Côté conduite, l’UX 250h correspond plutôt à un comportement coulé, même si les fonctions sport et sport+ sont disponibles. Elles ne sont pas inutiles, aidant pour quelques situations nécessitant de s’assurer le service de toute la cavalerie sans délai. La vélocité annoncée sur le papier pour accélérer de 0 à 100 km/h (8,5 secondes) n’est pas ressentie à bord. Les trains roulants assurent un bon guidage, un bon confort et un bon filtrage. A noter le train arrière à bras multiples, ici au nombre de quatre, technologie restant un cran au-dessus par rapport aux essieux en H, pourvu que l’ensemble soit bien réglé. La vision vers l’extérieur est quelque peu tronquée, la ceinture de caisse étant haute et l’espace vitré peu important, surtout vers l’arrière latéral. LEXUS a pensé à équiper son UX de systèmes de détection et caméras périmètriques, mais cela ne remplace pas totalement la perception directe. La carrosserie est exposée, n’étant pas pourvue de protections latérales au niveau des portières. Les manœuvres de recul ou de stationnement demandent donc une attention particulière. En conduite de nuit, le combiné tri-LED assure bien son rôle, que ce soit pour les faisceaux de croisement ou de route. Pour finir, un constat qui tend à se développer : sous la voiture, l’ensemble des éléments est bien caréné, les assemblages sont de bonne facture. Un petit bémol tout de même, la patte de maintien de la biellette d’assiette sur le bras inférieur arrière gauche n’est pas très rigide, ce qui peut générer une déviation de la fonction dans le temps. Cette fonction intervient dans la correction automatique de hauteur des phares en fonction de la charge.

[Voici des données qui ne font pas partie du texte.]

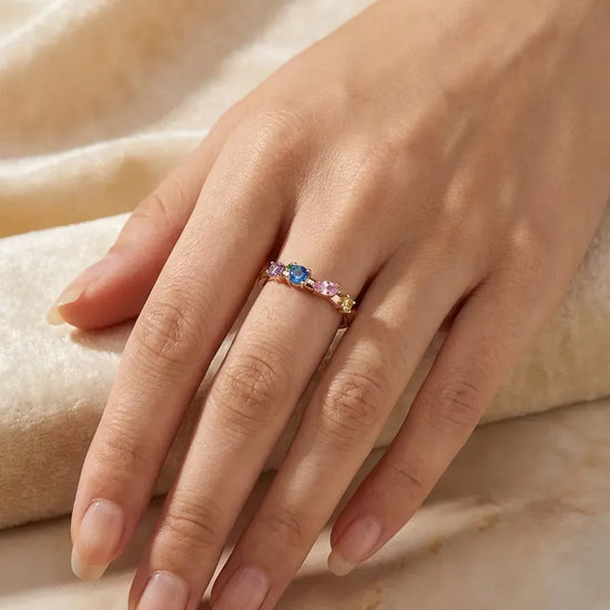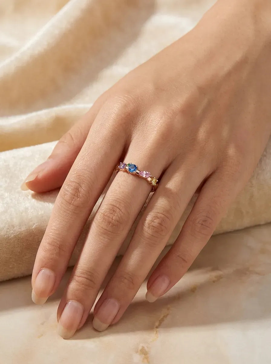Išskirtinis raudono aukso žiedas, puoštas spalvingais akmenimis – mėlynu, rožiniu, geltonu, violetiniu ir žaliu akcentu. Žaismingas, tačiau elegantiškas dizainas suteikia papuošalui gyvybingumo ir unikalumo.
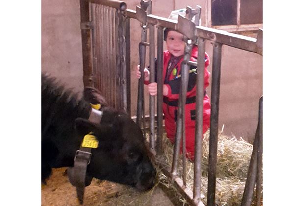 David und Pascal verwöhnen das Kälbchen Bianca.
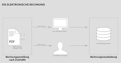 Für Bundesministerien und Verfassungsorgane sind seit dem 27. November 2018 elektronische Rechnungen bindend. Ein Jahr später wird die sogenannte XRechnung verpflichtend für alle weiteren Behörden. Die Pflicht zur Verwendung bzw. Annahme elektronischer Rechnungen zwischen nicht-öffentlichen Auftraggebern und -nehmern tritt zwar erst ein weiteres Jahr später, zum 27. November 2020 in Kraft, Projekt Pro empfiehlt jedoch, die internen Arbeitsabläufe der elektronischen Rechnungsstellung im Planungsbüro frühzeitig vorzubereiten. Mit dem Upgrade 10.4 seiner Software für Controlling und Management erstellt Projekt Pro elektronische Rechnungen nach ZUGFeRD Standard. Die Rechnung wird im hybriden Format erstellt, d. h. sie besteht aus strukturierten, ausschließlich maschinenlesbaren xml-Daten und einem zusätzlichen, inhaltlich identischen PDF mit allen Details. Das xml-Format wurde als gemeinsamer Nenner beim Datentransfer definiert, sodass der automatisch generierte xml-Zusatz direkt in die gängigen Buchhaltungssysteme eingelesen werden kann.

L'UX 250h F-Sport tient sa place dans la gamme LEXUS, ainsi que face à la concurrence, hors prise en compte de l’hybridation. Sans être un véhicule exceptionnel, il regroupe le savoir-faire LEXUS dans un véhicule compact, un peu surélevé et cossu. Les fidèles de la marque y retrouveront leurs codes. Le tarif peut paraître un peu élevé, avec pratiquement 46.000 € sans pack, ni option, mais il y a peu de concurrence en hybride sur ce segment ayant l’expérience du groupe TOYOTA sur le sujet. La course au gain de consommation stagne quelque peu, ne sortant pas de la fourchette des cinq à six litres pour cent kilomètres en utilisation réelle, ce qui est quand même appréciable. Il reste qu’avec sept chevaux fiscaux, le tarif de carte grise est très maîtrisé.